Meu plano era testar a
segurança artística de Nilo Alves e “Moco Dizidério” era o gatilho principal
daquela “prezepada”. E ali estava ele,
sentado num banco, “rosnando com seus botões”. Sabendo que aquele jovem
especial decorava imediatamente tudo que ouvia, resolvi montar uma “pegadinha”
para meu amigo cantor, e com a desculpa de ir ao banheiro me desloquei em sua
direção e disfarçadamente a ele apresentei meu plano, isso depois de depositar
no bolso de sua camisa uma nota de vinte reais, ao mesmo tempo em que o
incentivei a comer pipoca e beber refrigerante, seu passatempo predileto. Após
alguns sussurrantes ensaios, constatei que o “texto” estava na ponta da língua,
e aí então combinei o sinal que daria para ele abordar a nossa “vitima”.
Após aquela preparação
“teatral”, retornei ao convívio verborrágico de Nilo Alves e dali sinalizei a
“Moco Dizidério” que era chegada a hora da sua atuação. Ele aproximou da nossa
mesa, parou diante do renomado cantor tocantinense e emendou: “Quero um
autógrafo do senhor!!!”. Com a alegria estampado no rosto o artista se
movimentou para atender mais um “fã”. Antes dele apontar a caneta para desenhar
seu nome num pedaço de papel, o filho de “Jurandir Cara de Cu” perguntou: “O
senhor é aquele artista, aquele que pinta quadros, né? O senhor pinta os quadro
de Jesus Cristo, né?” Senti a mesa tremer, e com muita dificuldade segurei o
riso.
Nilo Alves olhou raivoso
para “Moco Diziderio”, e disse bem alto: “Quadro de Jesus Cristo é uma porra,
eu sou é cantor!!! Seu babaca, você não viu o meu show? Eu sou é cantor e não
pintor!!!”. O rapaz se retirou em silencio e novamente ocupou seu banco, na
alça de mira do meu olhar. E nosso artista desabafou: “Não aguento mais isso.

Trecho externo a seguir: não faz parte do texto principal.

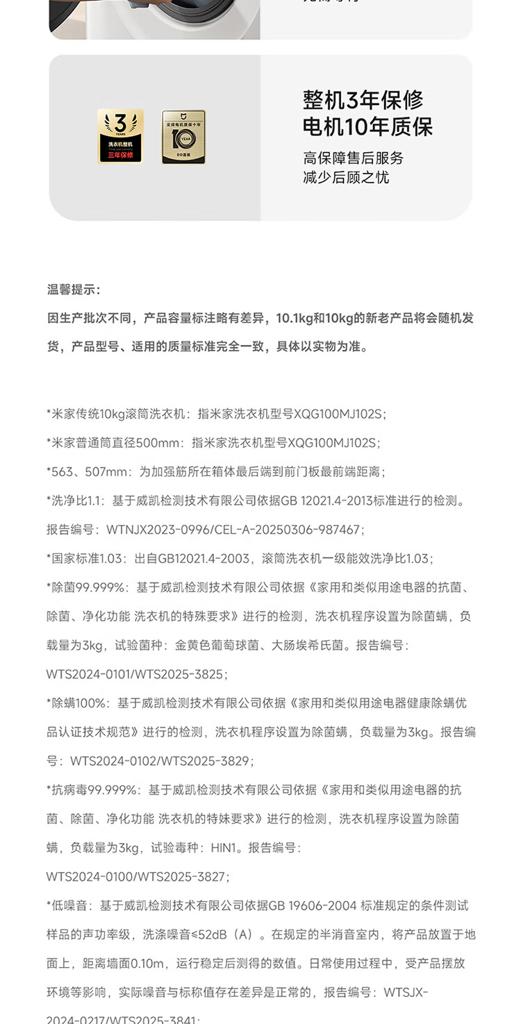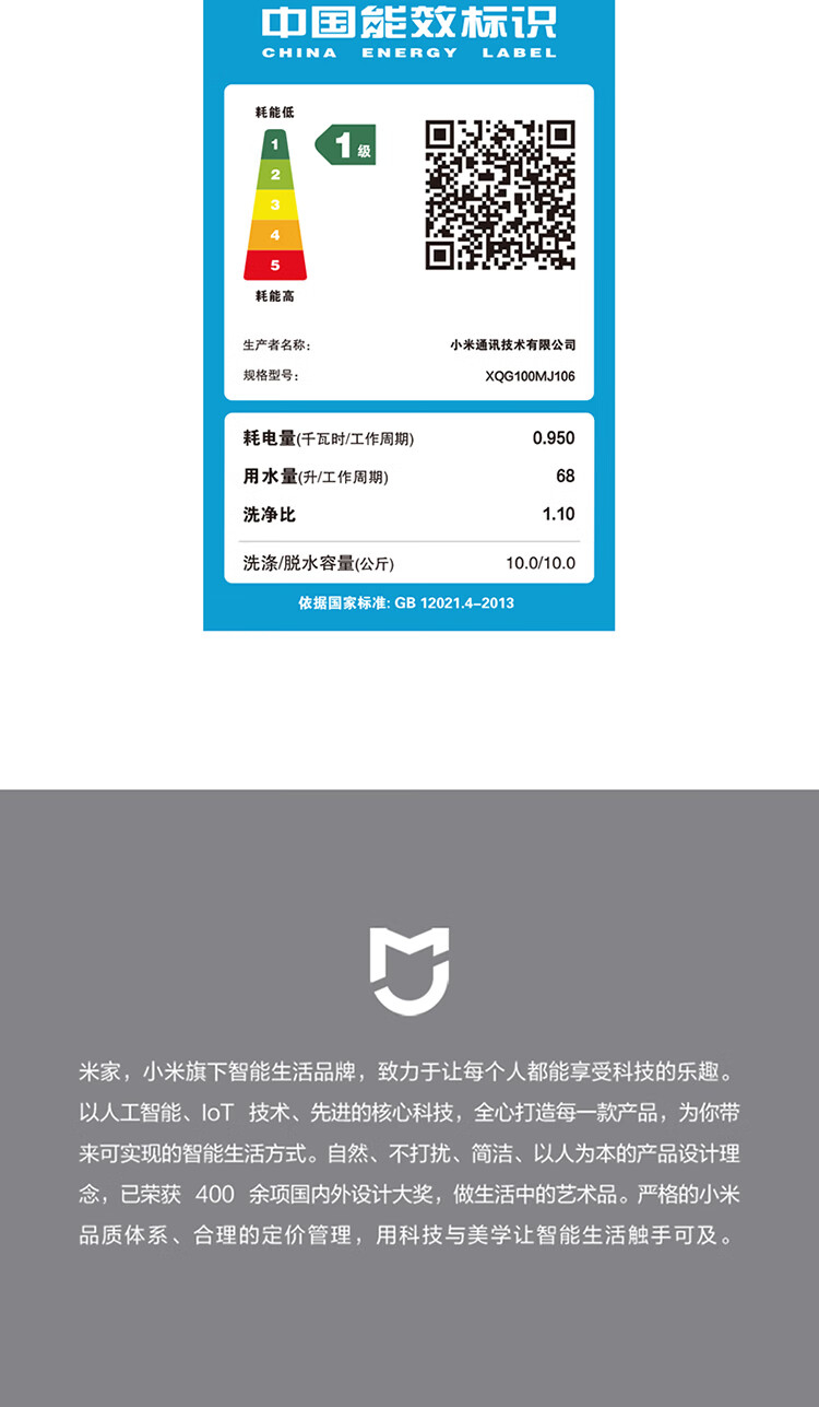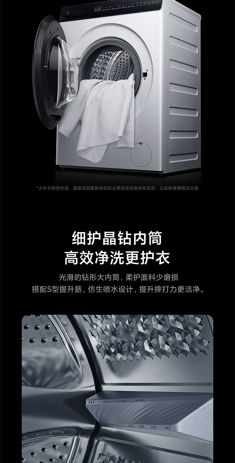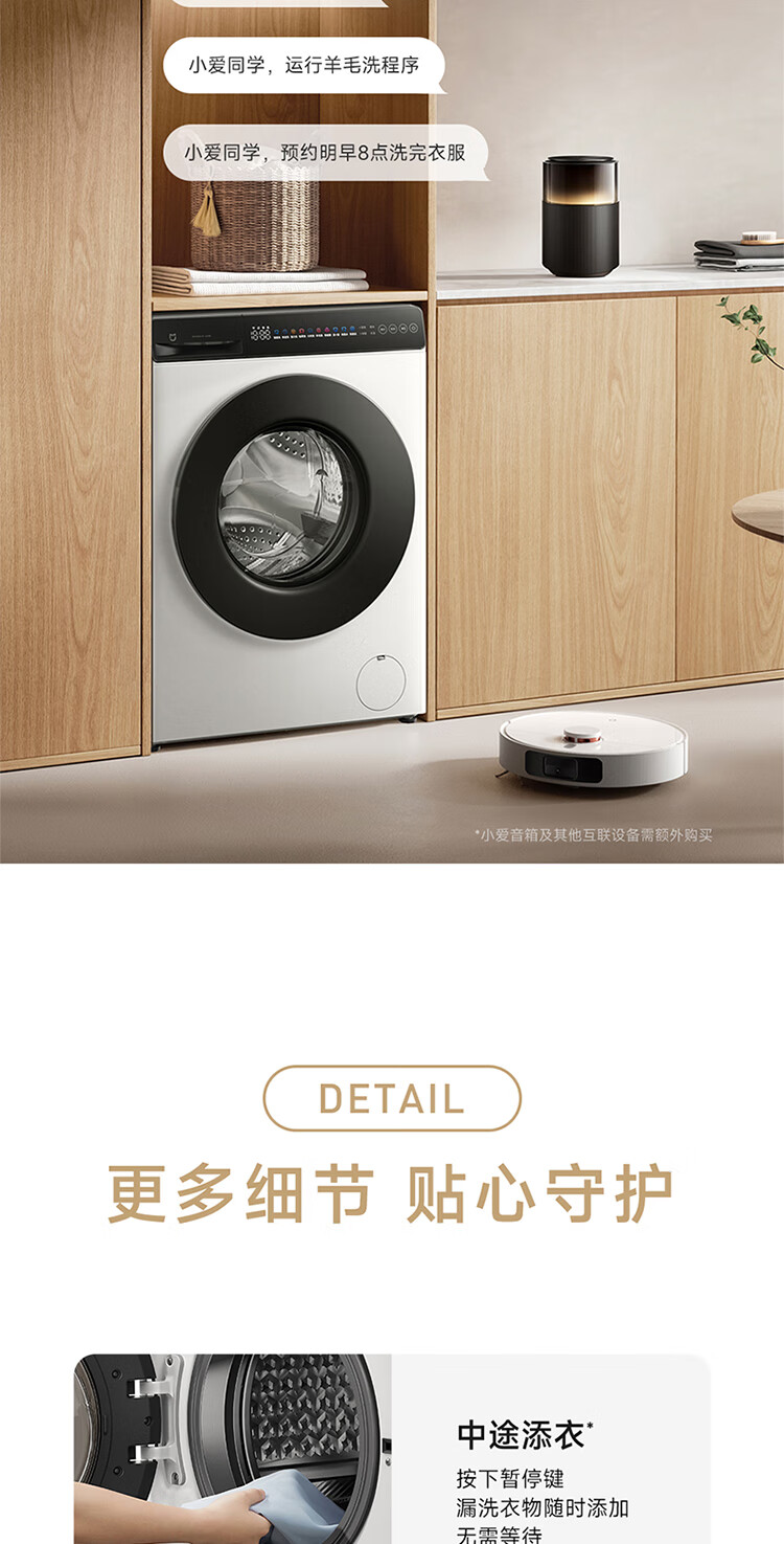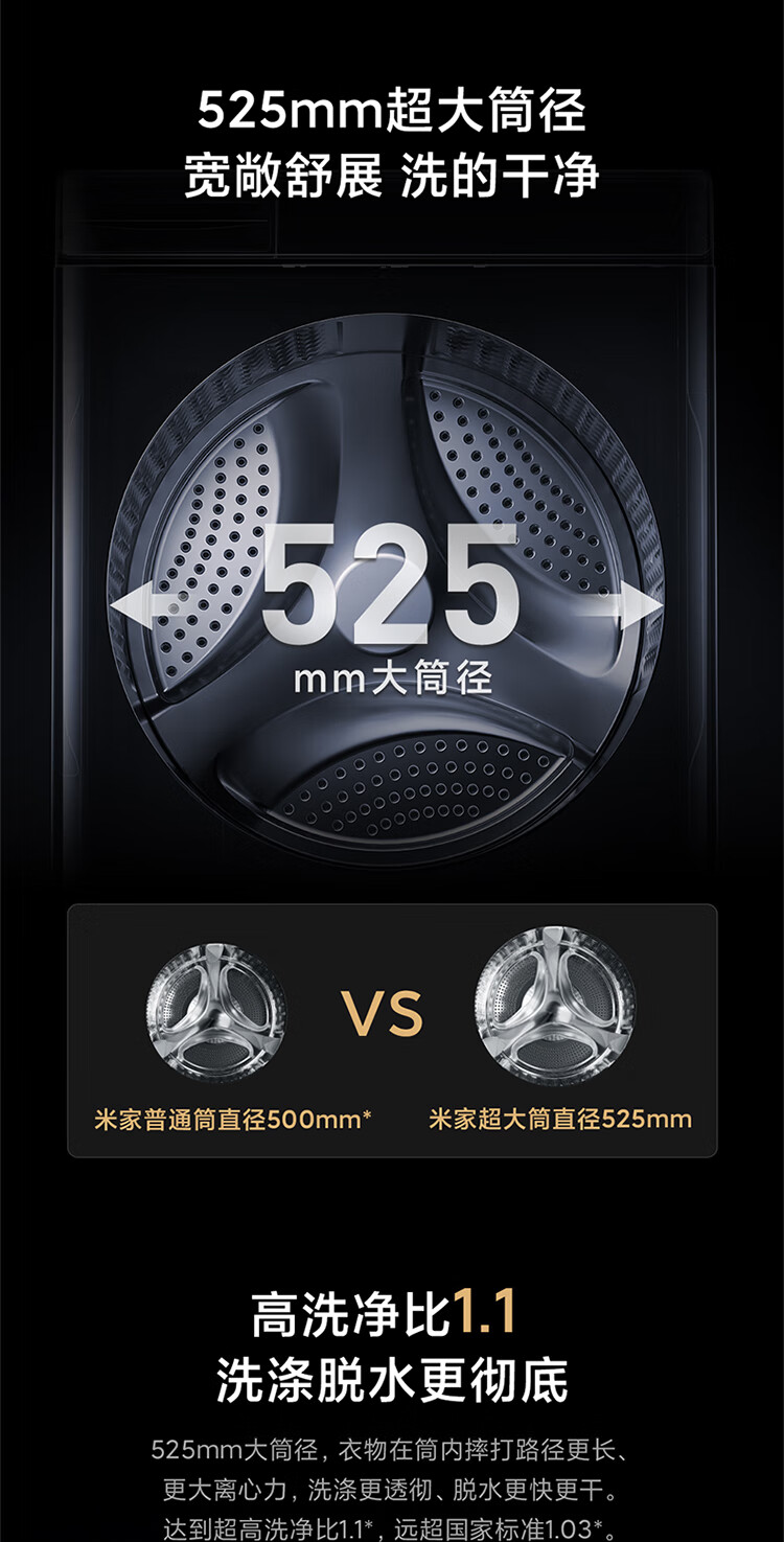 Mijia Xiaomi 10kg drum washing machine fully embedded body 525mm large drum diameter 1.1 high cleaning ratio direct drive motor to remove mites XQG100MJ106 507mm thin fully embedded cleaning 10kg drum

Você compõe, musicaliza, produz, escreve, trabalha com seriedade, noites e
noites sem dormir, dias e dias passando necessidade, pois esta é a realidade de
quem faz arte no Tocantins, e ainda não somos reconhecidos por isso. Vou embora
do Tocantins, pois isso não é justo”. Meu riso preso ameaçava desatar as
amarras.
Em meio ao silencio que
reinou em volta da nossa mesa, “Moco Diziderio” se aproximou novamente e lascou
outra pergunta: “O senhor só pinta quadros de Jesus Cristo, ou pinta do capeta
Também?” Nilo Alves ameaçou levantar-se, e alterado retrucou: “Seu porra, seu
caralho, eu não pinto quadro de ninguém, nem de Deus nem do diabo. Eu sou é
cantor, compositor. Que desgraça de quadro de Jesus é essa? Que caralho a
quatro é esse?. Você já esta passando dos limites, eu sou é cantor seu
imbecil!!” Neste momento me posicionei entre os dois, pois o clima ferveu. E meu
amigo então retrucou: “Chega!!! Vou mudar de vida, vou ser camelô, vou montar
um cabaré, e ser mais respeitado.”
Alguns minutos depois “Moco
Diziderio” voltou, aproximou da nossa mesa e lascou: “Agora que me lembrei
direito do senhor. Na semana passada o senhor vendeu um quadro de Jesus Cristo
que pintou para minha vó, ela lhe pagou e você sumiu como troco!!!” Ciente do
perigo que o jovem corria, o peguei pelo braço e o conduzi até o local onde
sempre preferia sentar. Após depositar mais dez reais no bolço de sua camisa
retornei para a convivência raivosa do meu irmão e amigo Nilo Alves, e ele
vociferava: “Vou deixar de cantar, vou embora do Tocantins, pois Isso aqui é
revoltante, ninguém valoriza o seu trabalho. Acho que não vale a pena insistir,
não compensa continuar enxugando gelo”. Nada disso aconteceu. Ele continuou
cantando, compondo, escrevendo maravilhosamente e fortalecendo sua persistência
em furar pedra com prego de papelão. Foi acima de tudo um resistente, um
vencedor. Um artista à frente do seu tempo.